Thanks.
Mr Wagner seems not to offer rewinding as a service anymore.
The review of the 2000 Starfire IV is great, both entertaining and informative. You write extremely well and have a lovely, effortless-to-read prose style.
Your Starfire IV, itself, is gorgeous. Drool.
I very much like the sound of your rewound pickups. I would be interested to hear them used in a Jazz style.
I have never picked up an "FB-1" equipped Corona Guild that I could find fault with except that Fender's HB-1s are not immediately inspiring, not bad, just ... sort of indeterminate.
They can be made to work with technique, amp tone controls, and the right strings - not ideal but better, much, much better.
I have found that they open up and breath quite a bit when fed
very heavy gauge strings. I use D'Addario 13-56 1/2 rounds with mine - nice tonal balance for me. They also work with D'Addario 12-54 round wounds, but these are too bright, too Rockabilly/Duane Eddy, for me. They also work quite well with heavier Rotosounds, but these are also too bright for me. However, they don't work well with all heavy gauge strings. To my ears, they sound like crap with flat wounds, even the heaviest going - they just seem to collapse into a sea of mud.
I have large and fairly strong hands, and i like the stability of intonation of notes with heavy strings (little unintended micro-vibrato, not much interference with string vibration from the pickups). So the Fender HB-1s sort of work for me.

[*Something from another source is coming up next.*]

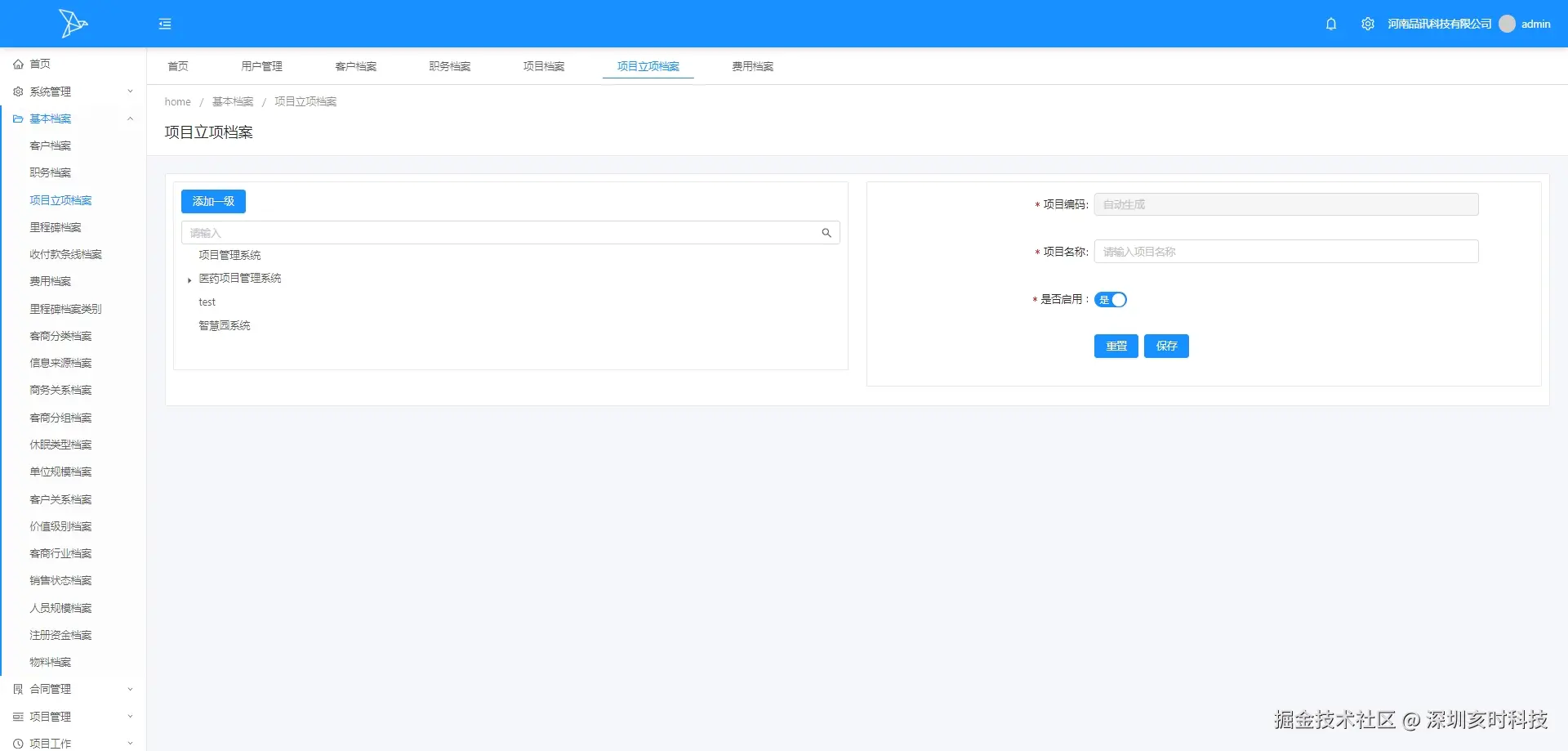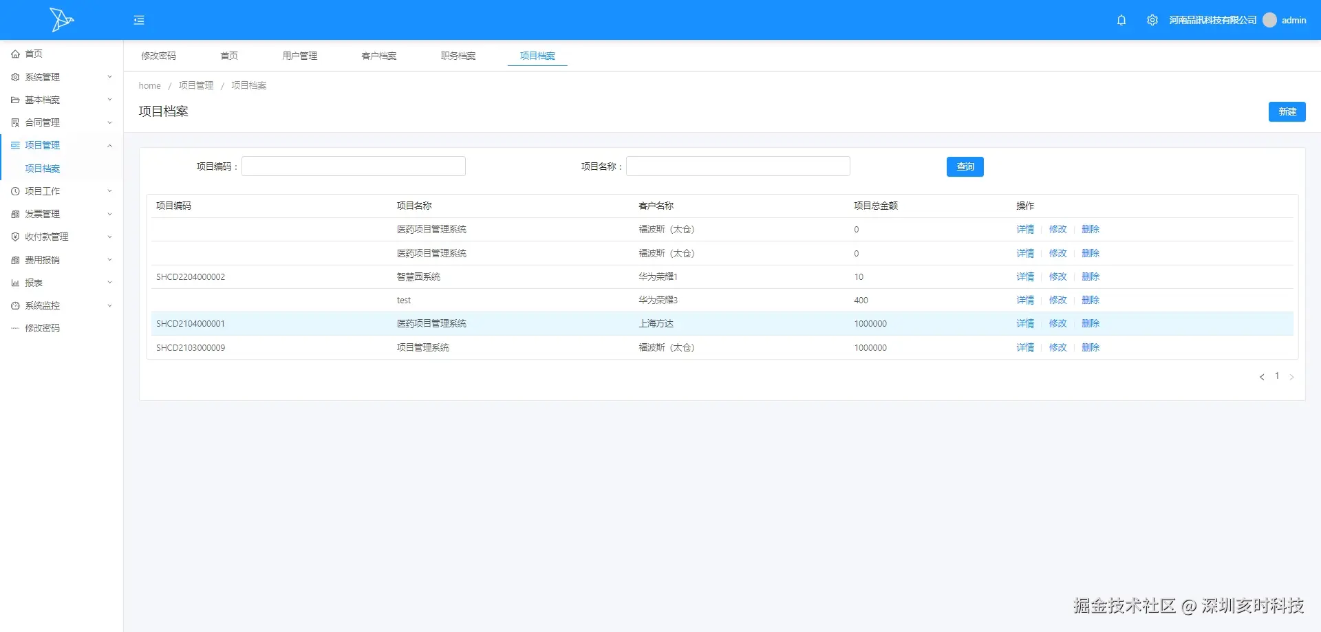- 项目立项:管理项目的立项信息,包括项目名称、目标、预算、时间和负责人等。

I do not own anything with original HB-1s or with SD-1s. (And I have never played anything with the new Cordoba HB-1s.) But I have gone to friends' houses and tried the originals and the Seymour Duncans in comparison to the Fender HB-1s. I do not like the SD-1s so much, only because they are not best suited to how I play, but then I was not able to restring or re-set up the guitar which they were in to my liking, and then they were not in a hollow body or chambered guitar. The original HB-1s, however, I do adore.